For convenience, turn the original constraint to a quadratic form.

$$2x^2+2xy+3y^2-(k-x-y)^2=0$$

or

$$x^2+2kx+2y^2+2ky-k^2=0.$$

Thus the equations deduced with Lagrangian multipliers are

$$\begin{cases}2xy=\lambda(2x+2k),\\x^2=\lambda(4y+2k).\end{cases}$$

By elimination,

$$2x^2+2kx-8y^2-4ky=0$$ and you need to intersect two conics.

Answer 4

$$g(x,y)=x+y+\sqrt { 2{ x }^{ 2 }+2xy+3{ y }^{ 2 } }= x+y + Q(x,y) = k \tag1$$

for the object function

$$f(x,y)=x^2y $$

By Lagrange multiplier method

$$\dfrac{g_x}{g_y}= \dfrac{f_x}{f_y} $$

$$\dfrac{2y}{x}=1+\dfrac{(4x+2y)}{2Q}=1+\dfrac{(2x+6y)}{2Q}$$ simplifying

$$Q(2y-x)= 2x^2-xy-6y^2$$

has a common factor $ (2y-x)$ to cancel

$$=(x-2y)(2x+3y)\rightarrow Q=(2x+3y)$$ Squaring $$ Q^2=4x^2+12 x y+9y^2=2x^2+10 xy+6y^2$$

simplifying to find roots of quadratic $$x^2+5 x y+3 y^2=0;\quad \dfrac{y}{x}=\dfrac{-5\pm \sqrt{13}}{6}; $$

which are a pair of straight lines.

If $(p,q)$ are these roots say $ y=px,\;y=qx\;$ Plug in the first of two roots into (1)

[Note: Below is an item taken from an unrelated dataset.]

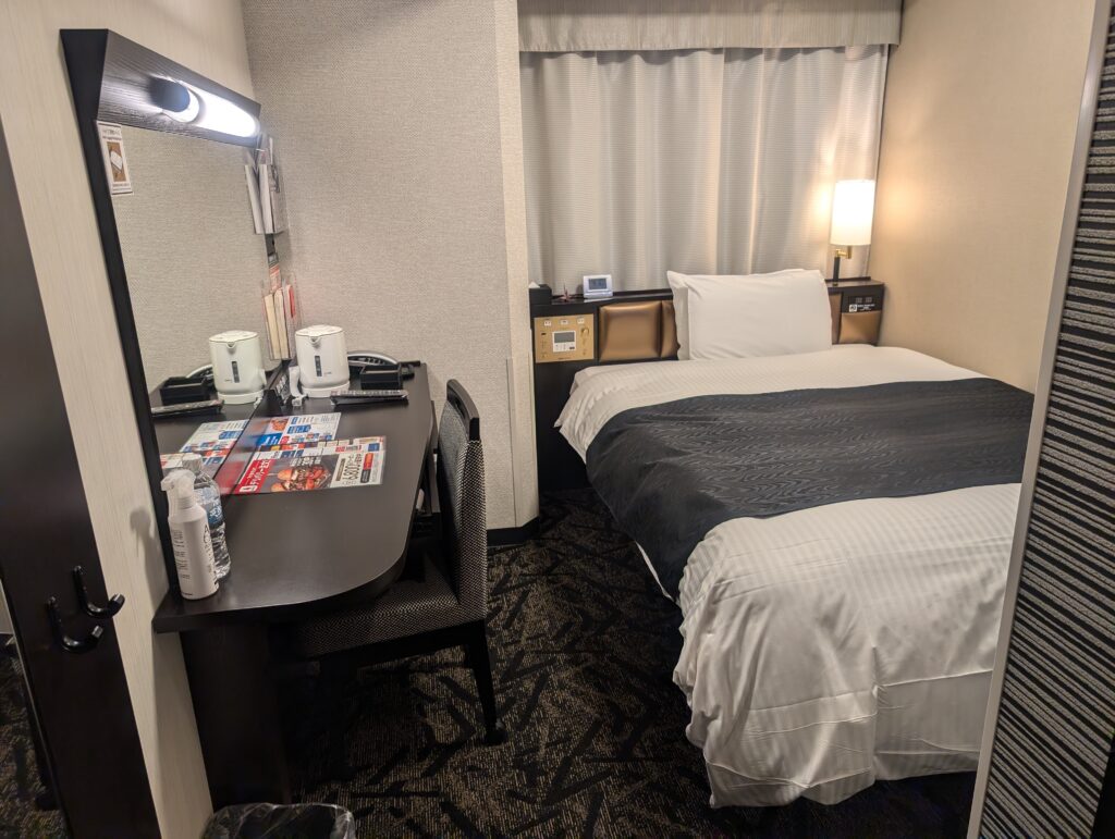 強いて気になった点を挙げるとすれば、やはり客室の広さでしょうか。大きなスーツケースを広げるには少し手狭に感じるかもしれません。ただ、それを補って余りある立地の良さと充実した設備があるので、個人的には十分に満足できました。また、エレベーターの待ち時間が少し長いと感じる時間帯もありました。

$$ k = x( 1+p+ \sqrt{2+2p+3p^2}) =C x\;$$ say, then the maximum value is

$$x^2y=x^3\cdot\dfrac{y}{x}=p k^3/C^3=\dfrac{pk^3}{( 1+p+ \sqrt{2+2p+3p^2})^3}$$

where

$$p=\dfrac{\sqrt{13}-5}{6}$$

The minimum value can be found by $y=qx$ in a similar fashion.